Quote from the first line below through the line that contains "в котором через панорамное окно виден лес", both included, and leave the pictures out.

▶ _PROVIDED MATERIAL_
============================================================

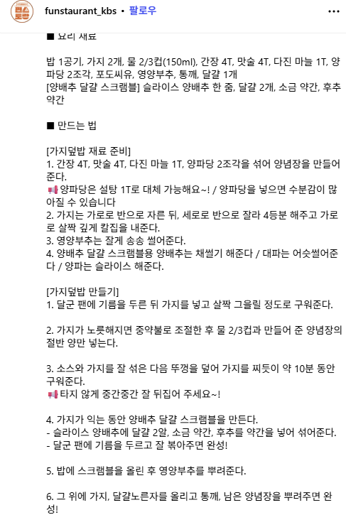 편스토랑 윤유선의 가지덮밥 레시피를 소개합니다. 장어덮밥처럼 고급스럽고 부드러운 가지덮밥을 간단하게 만드는 법을 정리했습니다.
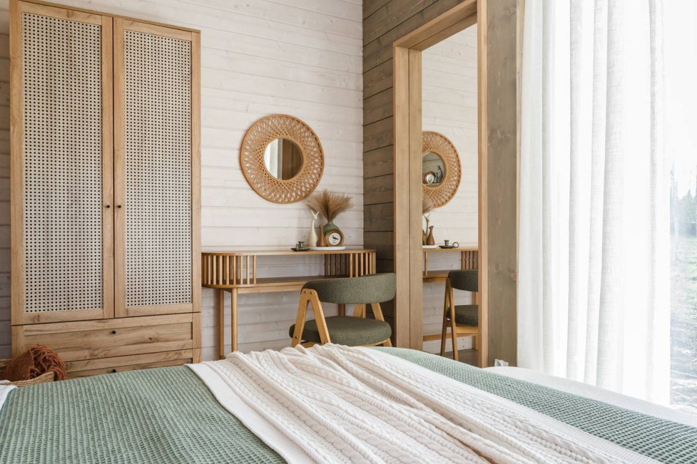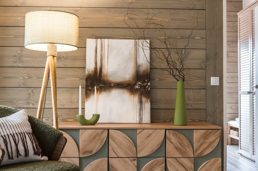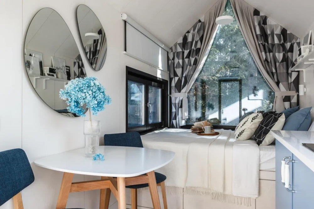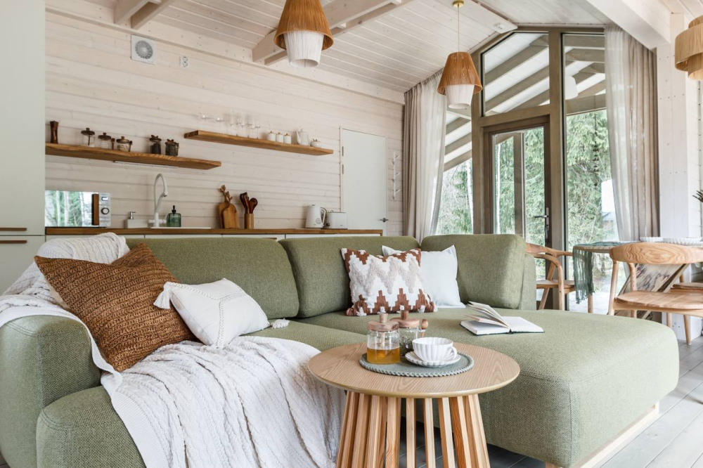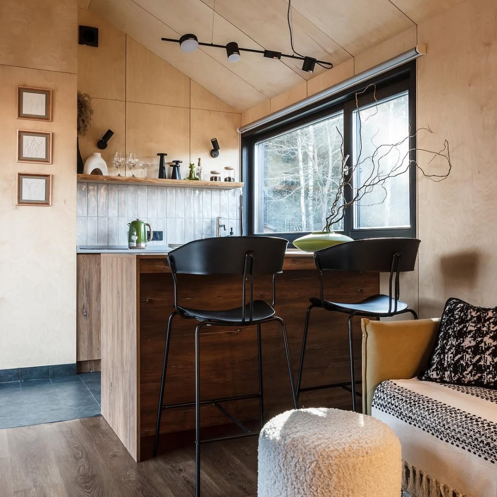 в котором через панорамное окно виден лес
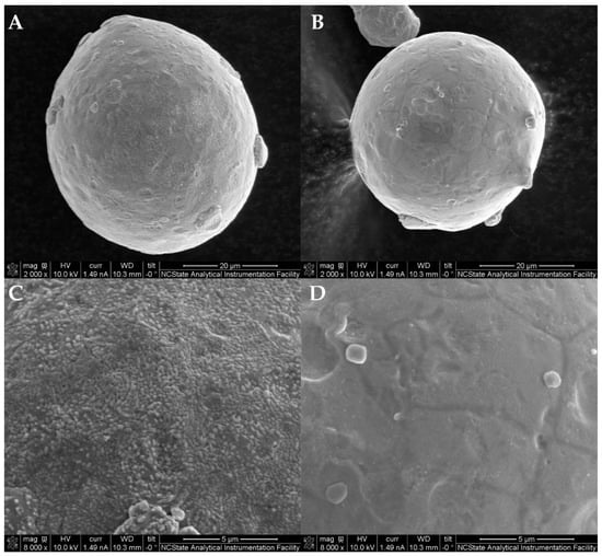 Because of its relatively high oxygen content, the MO-Cu powder was selected to observe the effect of hydrogen heat treatment on the surface oxides. Figure 7 shows the representative low and high magnification scanning electron micrographs of (Figure 7A,C) and the hydrogen-treated (Figure 7B,D) MO-Cu powder. Figure 7C shows the surface of the untreated MO-Cu powder, where bright spots were identified as oxygen-rich copper particles. Figure 7D shows the surface at the same magnification after the hydrogen treatment of the MO-Cu powder, where the surface oxides have been largely removed. These results were typical for untreated and hydrogen-treated MO-Cu and HO-Cu particles.
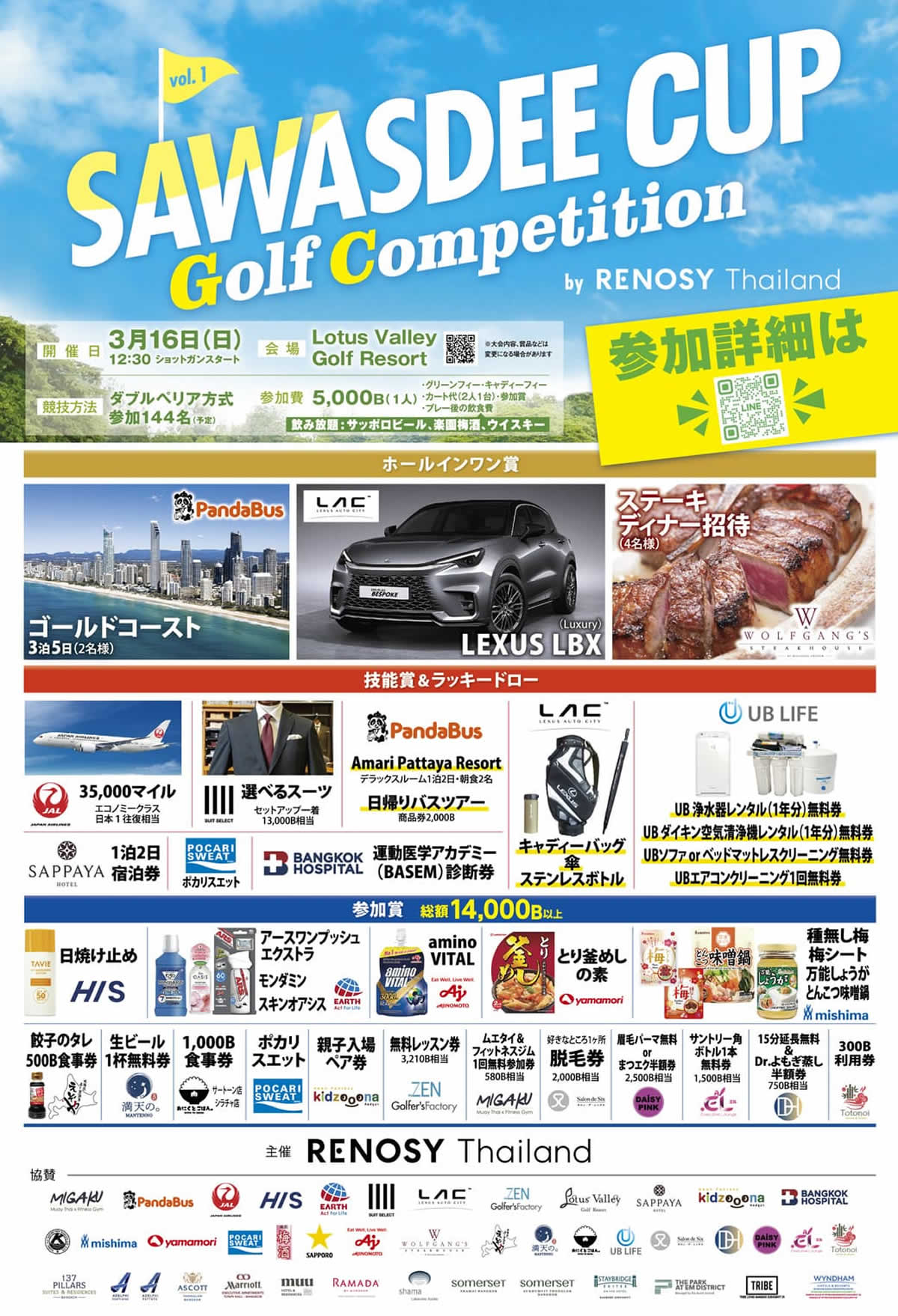 コロナ前には2000名以上の応募が殺到していたタイ最大級の日系ゴルフコンペが「Sawasdee Cup Golf Competition by RENOSY Thailand」として復活。2025年3月16日(日)にLotus Valley Golf Resortで開催されます。参加費用は1名5,000Bで、4名1組での応募となります。

============================================================

▶ _RESPONSE TO THE EXERCISE_
 편스토랑 윤유선의 가지덮밥 레시피를 소개합니다. 장어덮밥처럼 고급스럽고 부드러운 가지덮밥을 간단하게 만드는 법을 정리했습니다.
 в котором через панорамное окно виден лес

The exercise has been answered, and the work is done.